Figure 2. Cultural Heritage Example

For each intervention, we annotated its topic/keywords and some features/indicators. To date, we have considered single indicators: number of times in a debate, country, gender of presenter, and political party. In the future, other more complex  inference methods and statistical methods will be considered. The general approach of this case study is shown in  Figure 3.

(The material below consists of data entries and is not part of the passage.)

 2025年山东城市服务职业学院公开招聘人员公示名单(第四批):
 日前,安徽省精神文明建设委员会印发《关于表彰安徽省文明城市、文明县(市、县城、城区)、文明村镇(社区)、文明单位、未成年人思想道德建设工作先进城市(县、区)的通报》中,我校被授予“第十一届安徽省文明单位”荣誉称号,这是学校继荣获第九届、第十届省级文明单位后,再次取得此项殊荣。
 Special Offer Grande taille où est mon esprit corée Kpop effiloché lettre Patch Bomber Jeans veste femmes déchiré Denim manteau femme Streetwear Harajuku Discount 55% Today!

This is a first step in a research project in which we compare “What parliament says about a topic” and “How citizens perceive and understand the same topic”.  In the Talk of Europe Creative Camp #2, we presented the first part (STEP 1), which addressed the parliament dataset (figure 4).  The work on the social media will be conducted after the “C#2Creative Camp” meeting and updated on the same webpage in a few months.

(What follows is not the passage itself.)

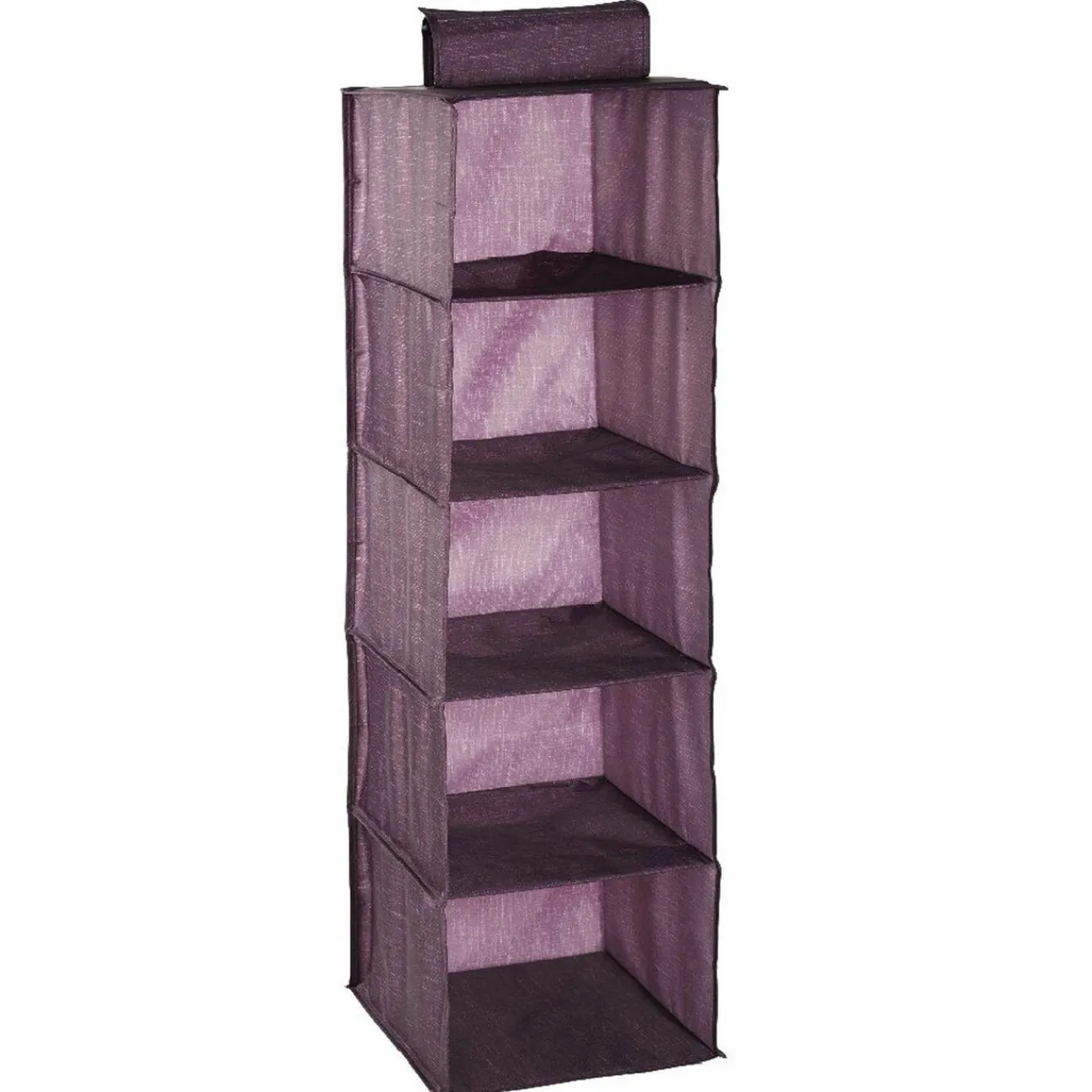 Organiseur de vêtements 5 niveaux violet, dim. 28x28x90 cm, polyester et carton.

Figure 4. Schema of the subproject presented in the Talk of Europe Creative Camp #2

In the Talk of Europe Creative Camp #2, we presented the initial results ­­­­­of a demo running on a virtual machine at the University of Malaga. Figure 5 shows some debates that took place in 2009 related to Cultural Heritage, which can be accessed via a cloud of words that were created by taking into account the number of debates on each topic during that year. The interface includes a right-hand panel to show the text of the discourse or the original debate. We used GATE (https://gate.ac.uk/) to process the text of debates. This panel shows a time-line representing the number of times that a list of topics related to Cultural Heritage appeared in the debates during 2009.

The results are shown in a window with a graphical interface. The user can zoom in to explore a particular date. The database can be explored by selecting or unselecting the topics in the upper box. There are two time-lines, a general timeline for a year (upper area) and a zoom for a specific date (lower area) (Figure 5).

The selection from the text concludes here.